To me, everything seemed so cluttered up and dirty. There were times when I even imagined the whole country round about smelled bad. I longed to go back home to the fresh, clean forest where the Indians lived.

One day father came in from his work and placing a chair near to where mother was sitting, he sat down and reached over and took her soft, white hand. My mother's hands were too soft and too white for a pioneer woman.

"Sally," be began, "Now we can go back to our own land in the wilderness if we choose. I know you weren't born for the wilderness and I know how hard a road it is for you to travel. Honey, if you would rather go back to Indiana to live where it will be more comfortable and easy for you, I will take you back."

There was a tired weariness in her voice when she answered him. "No," she said. "I know the pioneer road is indeed a hard road to travel but we chose it and now we will not go back. We will go on."

"Then you will go willingly with me?" He asked looking pleadingly into her face.

"I will go with you anywhere, John." She answered unfaltering.

I was very glad to hear them make up their minds as they did for I didn't want to go back to Indiana. I was homesick for our little log cabin in the wilderness and, too, although I never would have admitted it then, I was homesick for the Indians and the wild, free life they lived.

When my father made up his mind to do a thing, he just went ahead and did it, and that was all there was to it. Now he had his mind made up to go back to his own land and it wasn't long until we were on our way.

We were quite a caravan. Father had bought a nice team of horses and some cows. We already had a pet sheep and our dear old dog that we had brought with us from Indiana. Mother was bringing along ten hens and a rooster and Emily had a pet kitten.

Father drove the horses that were hitched to the wagon while Wash Smith, who was going along back with us, drove the cattle behind the wagon. It wasn't very long until the cattle learned to follow and there wasn't very much driving to do. We were on our way home, yes, to the dearest and happiest home that I have ever known.

CHAPTER SEVENTEEN

As we drove alone we say the ash heaps where the cabins that had been built by the white men had all been burned down by the Indians. There weren't many ash heaps for there were only a few white settlers in that region anywhere about, but the cabins, log stables and rail fences were all gone. Then think what joy we felt when we cam in sight of our own clearing and saw on the hillside above the beautiful Iowa River our own little log cabin standing in the shadow of the gnarled old oaks and hickory trees just as we had left it.

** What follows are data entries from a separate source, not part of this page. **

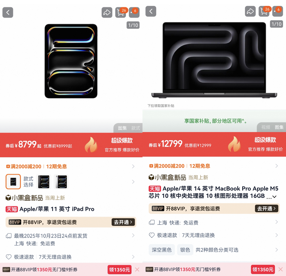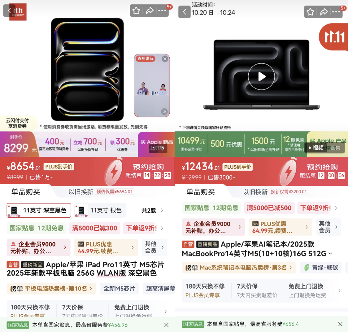 10月22日,搭载M5芯片的MacBook Pro、iPad Pro正式开售,起售价分别为12999元与8999元。随着新品上市恰逢双11大促节点,各大电商平台也纷纷推出相应购买权益,展开新一轮的市场竞争。从目前公开信息来看,不同平台针对这两款新品的优惠方式差异明显,消费者在选购前建议多方对比。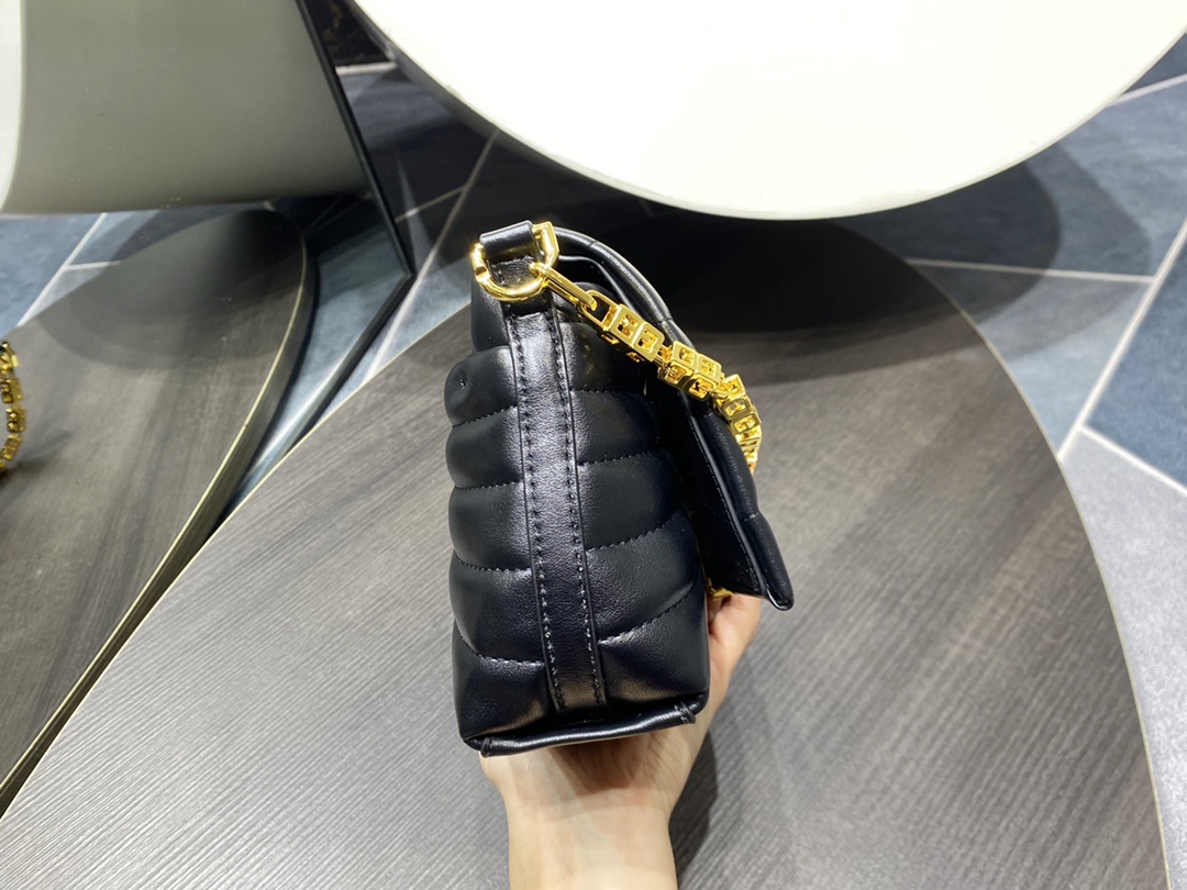Givenchy 4G Soft handbag small. The front of the bag is a metal magnetic buckle with the brand’s 4G logo and a flip closure. There is a flat patch pocket on the back of the bag, and there is also a flat patch pocket on the inside of the bag. The G-shaped chain can be carried on one shoulder or by hand, and the detachable and non-adjustable leather shoulder strap provides a cross-body carrying method.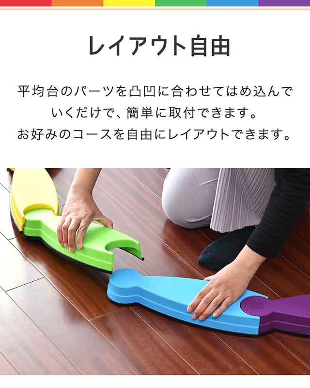 | 特記事項: ※不安定な置き方をしないでください。転倒してケガや破損の原因になります。 ※平均台がしっかりとつながれているか確認してからお使いください。使用中にガタついた場合はセットし直してください。 |

As I look back through the long years that have passed since then I can see the place as plain as if it were only yesterday. The little log cabin, the log stable with the rail fence surrounding it and the lodges and the wigwams of the Sac and Fox Indians clustered together in the vale below. I have no words to make you understand just how beautiful the scene was. In fact, there is no one but a poet who could describe the place and do it justice.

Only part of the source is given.